É possível se recuperar de um caso? A resposta para a maioria dos casais é sim
Lílian e Mateus estavam juntos há 20 anos e eram os pais de Lola, com treze anos, e Isabel, com cinco aninhos. A vida era basicamente: escola, escolinha, trabalho, inglês da mais velha, pediatra, parquinho, mais trabalho e a administração da casa. Nenhum dos dois fazia do casamento uma prioridade, porque, afinal, quem consegue? Facilmente se esqueciam até mesmo de fazer amor, cansados, desestimulados, mas fora isso, sem queixas de ambos os lados, em uma análise superficial, o casamento era bom e sólido, nenhum dos dois tinha dúvidas quanto a isso.
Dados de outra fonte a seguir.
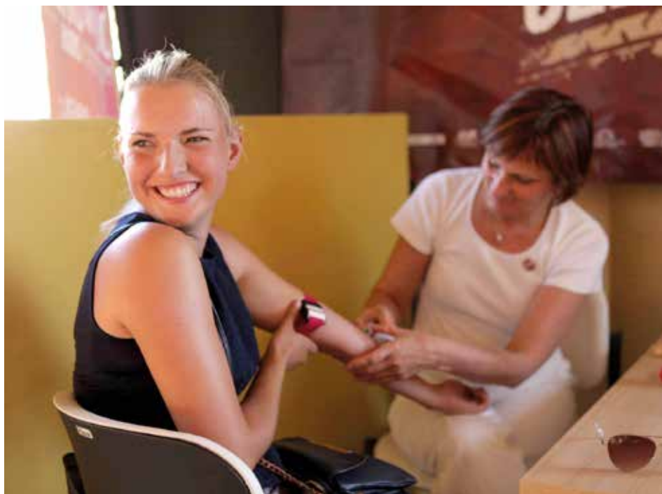
S úsměvem. Pomáháme dobré věci. / foto: Reklamní inženýři

Mas repentinamente tudo mudou, com o comportamento de Mateus se modificando dia a dia. Escapadas na noite, depois do trabalho, o tempo no celular, preferencialmente longe das vistas da esposa e não demorou para que Lilian percebesse. Ela perguntou algumas vezes se estava tudo bem e ele sempre respondia que sim, que estava atualizando algum assunto, checando notícias, embora depois de um tempo repetindo a mesma pergunta, ele começasse a reagir mal e a responder atravessado.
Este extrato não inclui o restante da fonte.